De gegevensbeheerder werd aansprakelijk gesteld, ook al waren de verzendingen uitgevoerd door een onderaannemer die gebruikmaakte van diens eigen database.

 

Een rapport van de Amerikaanse Federal Trade Commission (FTC), gepubliceerd op 19 september, onthult dat grote socialemedia- en videostreamingbedrijven zich schuldig hebben gemaakt aan grootschalige gebruikersbewaking met lakse privacycontroles en ontoereikende bescherming voor kinderen en tieners.

Het rapport beveelt aan om het bewaren en delen van gegevens te beperken, gerichte reclame aan banden te leggen en de bescherming van tieners te versterken.
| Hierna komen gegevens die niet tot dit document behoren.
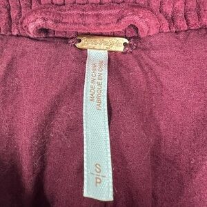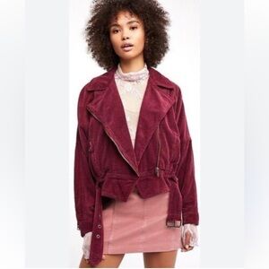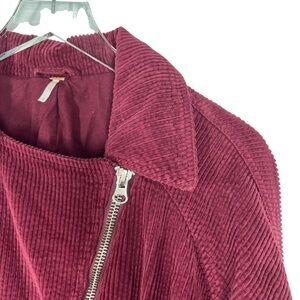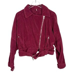 FREE PEOPLE Small Wine Burgundy Slouchy Corduroy Assymetrical Zip Crop Jacket
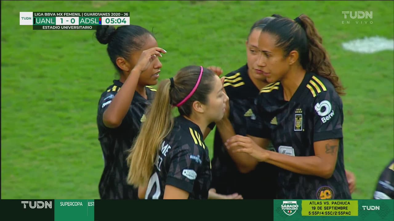 La número 10 de las felinas aprovechó la buena jugada de su compañera para abrir el marcador sobre el Atlético San Luis.
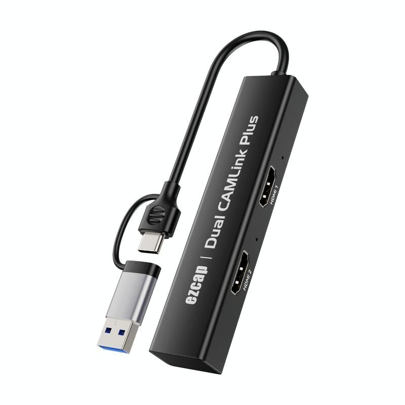 2. How to use: Connect the device to USB3.0 port of the computer, wait a moment, the system will automatically recognize the Dual CAMLink Plus device, and you will find the device name 2CAMLinkP CH1 and 2CAMLinkP CH2 in the Cameras catalog and Sound video and game controllers catalog on device manager, which means the device is ready to work.

De Chinese overheid publiceerde op 30 september de "Regels inzake netwerkbeveiligingsbeheer", die op 1 januari 2025 in werking treden. 
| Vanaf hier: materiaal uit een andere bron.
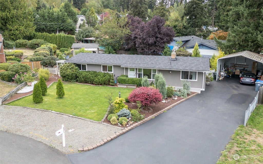 Discover this beautifully updated rambler, perfectly situated on a spacious, professionally landscaped lot in a serene cul-de-sac. This turn-key home features a stunningly remodeled kitchen and bathroom. Newer roof, flooring, and fresh paint throughout. With 3 bedrooms and 1 bath, 2nd kitchen & additional finished room ideal for an extra guest room, this 1,344 sq ft home offers ample space for comfortable living. The property also boasts a generous 16x16 outdoor shed equipped with electricity, perfect for home office, gym, game room, hobbies or additional storage. Enjoy the convenience of an oversized carport and plenty of extra space. Located within the Puyallup School District, this home is ready for you to move in and make it your own!

De tekst heeft tot doel de verwerking van netwerkgegevens te reguleren, de rechten en legitieme belangen van individuen en organisaties te beschermen en de nationale veiligheid en het algemeen belang te waarborgen.

Ook in China heeft het Nationale Technische Comité voor de Standaardisatie van Informatiebeveiliging (TC260) een raamwerk voor informatiebeveiligingsbeheer met betrekking tot AI gepubliceerd.

Het document bevat een reeks principes en biedt een nuttige classificatie van AI-gerelateerde risico's en technologische maatregelen om deze aan te pakken.

IBM heeft een rapport gepubliceerd over de kosten van datalekken voor 2024.

Tot de conclusies van het rapport behoren onder meer de volgende:

• De gemiddelde totale kosten van een datalek bedragen 4,88 miljoen dollar, en datalekken zijn het duurst in de Verenigde Staten.
• Het tekort aan cybersecurity-experts is verergerd.
• Bijna de helft van de datalekken betreft persoonsgegevens (46 %) of intellectueel eigendom (43 %).
• Ingrijpen door de politie verlaagt de kosten van ransomware met gemiddeld 1 miljoen dollar.
• Het duurt 292 dagen om datalekken waarbij inloggegevens zijn gestolen te identificeren en in te dammen.

Instagram biedt nu accounts voor tieners met strengere beveiligingsinstellingen, waardoor ouders het gebruik van de app kunnen beperken.

Accounts voor tieners zijn speciaal ontworpen om minderjarigen te beschermen tegen schadelijke inhoud en ongewenste contacten, en tegelijkertijd de tijd die ze op de app doorbrengen te beperken.